Let us return to the beginning.

In the beginning, all syntaxes were specified in ASN.1 by reference to
X.500. LDAP tried to give these a friendly face by defining human-readable
encodings, the so-called 'string' encodings. I believe that 'string' in LDAP
means human-readable.

I don't see how string-encoding can encompass binary syntaxes. If ASN.1
syntaxes are string encodings then what could a document called 'A string
encoding for dustinguished names' actually be trying to do - all
distinguished names carried in protocol (DAP, here!) would be string
encodings by virtue of being BER encoded.

The reference to RFC 2251, 4.1.6 seems to be tautological: it says that RFC
2251 does not define string encodings for attributes.

But you are correct when you say that binary and string encodings are
carried in the same way in the protocol. This is syntactically correct but
not semantically correct in that many atrtributes have an ASN.1
representation but only the string representation can normally be used.

Ron.

PS RFC 2251 does not define 'string encoding' though it uses the term
(loosely) in 4.1.6. It does define binary encoding (4.1.5.1).

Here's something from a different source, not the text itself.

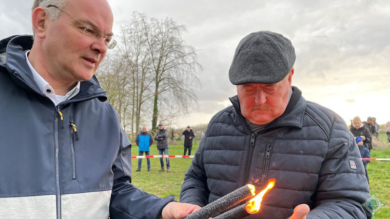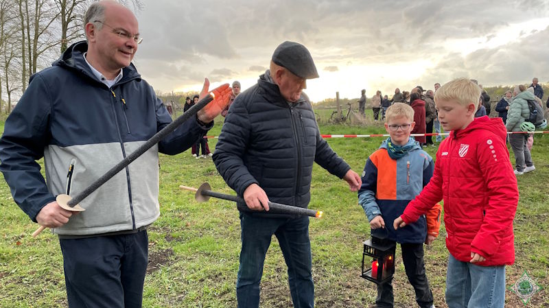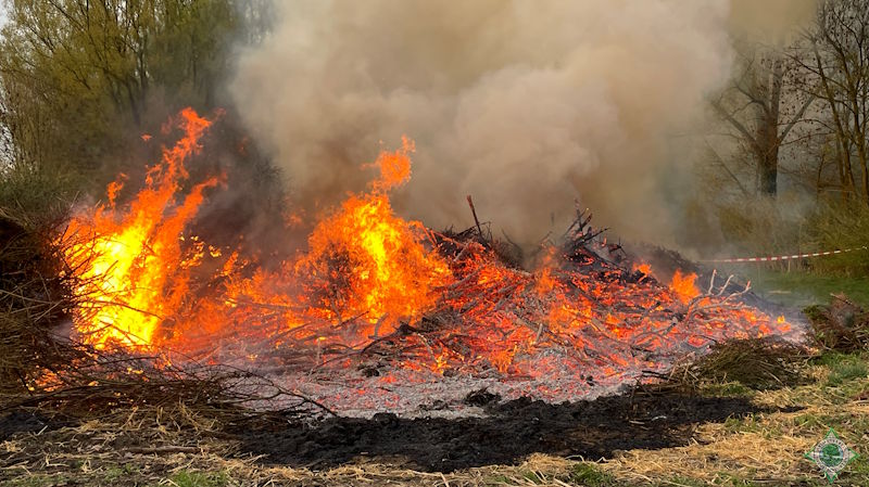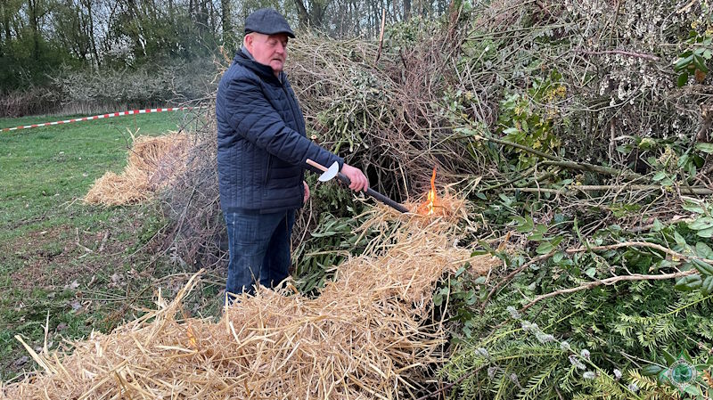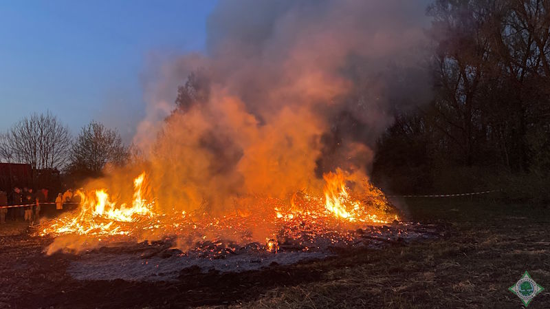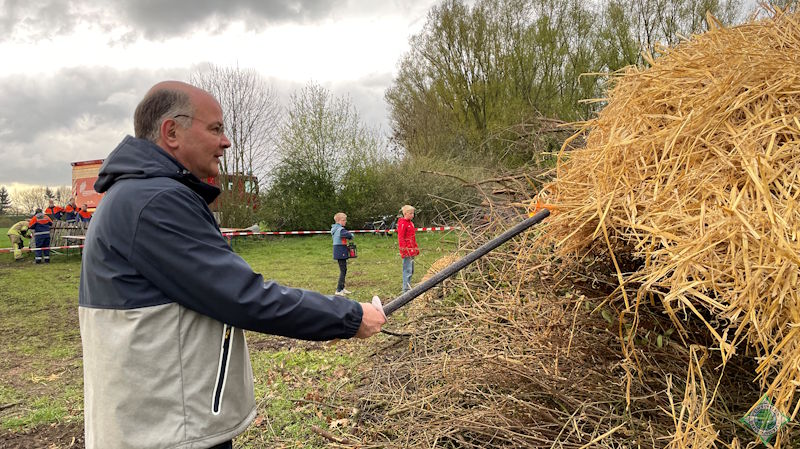 Auch die Jugendfeuerwehr war vor Ort. Sie verkaufte Würstchen und Getränke. Bereits bei der Baumsammelaktion hatten sie die Bäume auf die Wiese am Rosenweg gebracht. Die große Beteiligung der Feuerwehr „muss auch lobend erwähnt werden“, wie Doris Matuszewski vom Heimatverein anmerkte. Damit keine Tiere im Feuer umkommen, wurden die Bäume vor dem Feuer noch einmal umgeschichtet.

-----Original Message-----
From: Kurt D. Zeilenga [mailto:Kurt@OpenLDAP.org]
Sent: Thursday, 25 January 2001 12:55
To: Ramsay, Ron
Cc: Mark Smith; Jim Sermersheim; ietf-ldapbis@OpenLDAP.org
Subject: RE: AttributeTypeValue and binary


At 12:21 PM 1/25/01 +1100, Ramsay, Ron wrote:
>I am surprised that you refer to the binary syntax as having a defined
>string encoding. This seems to imply new meanings for both 'defined' and
>'string' and a possibly ambiguous use of 'encoding'.

RFC 2251, 4.1.6:
   The definition of string encodings for different syntaxes and types
   may be found in other documents, and in particular [5].

I am using "string encoding" as used in RFC 2251.  I note
that there is no need to mention the binary syntax within
RFC 2251 as its transfer within the protocol is no different
from any other attribute type syntax which has a defined
string encoding.  I qualify with "defined" as some syntaxes,
such as ACI Item, have no specified string encoding.